Revision Control System (RCS)
CONCEPTS
- RCS saves all revisions in a space efficient way.
Changes do not destroy the original.
- Revisions can be retrieved according to ranges of revision
numbers, symbolic names, dates, authors, and states.
- RCS maintains a complete history of changes.
- RCS resolves access conflicts. When two or more programmers
wish to modify the same revision, RCS alerts the pro-
grammers and prevents one modification from corrupting
the other.
- Control releases and configurations. Revisions can be
assigned symbolic names and marked as released, stable,
experimental, etc. With these facilities,
configurations of modules can be described simply and
directly.
- RCS needs little extra space for the revisions (only
the differences). If intermediate revisions are deleted, the
corresponding changes are compresse accordingly.
COMMANDS
- ci filename: Check in a file, filename, under RCS.
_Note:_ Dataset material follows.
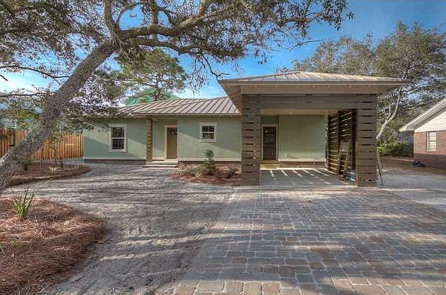 This is a home for the buyer who appreciates quality and attention to detail. Extremely well built from the insulation to the stainless steel door hinges to the stucco application, to the standing seam metal roof and impact glass doors and windows! This is a home that will not need any maintenance for years to come! Three bed/2 bath, split floor plan, cortec flooring throughout, open floor plan, large laundry room, soft close all wood cabinets, granite counters, high end finishes throughout. 2016 construction on a beautiful landscaped lot with clusters of natural scrub oak and paver drive, again with low maintenance in mind! You have a peek a boo view of the water from the back yard and with just a hop, skip and a jump you'll be on the beach!

- co -l filename: Check out a file, filename, for editing
- co filename: Check out a file, filename, for read-only access
- rcsdiff filename: Show differences between a file, filename,
and its reference copy.
- rcs -l filename: Lock changes to a file (if checked out) or lock the
file so only you can check it out (if it is not already checked out).
REMARKS
- RCS was developed after SCCS.
- RCS uses fewer commands than SCCS, requiring less memorization by the user.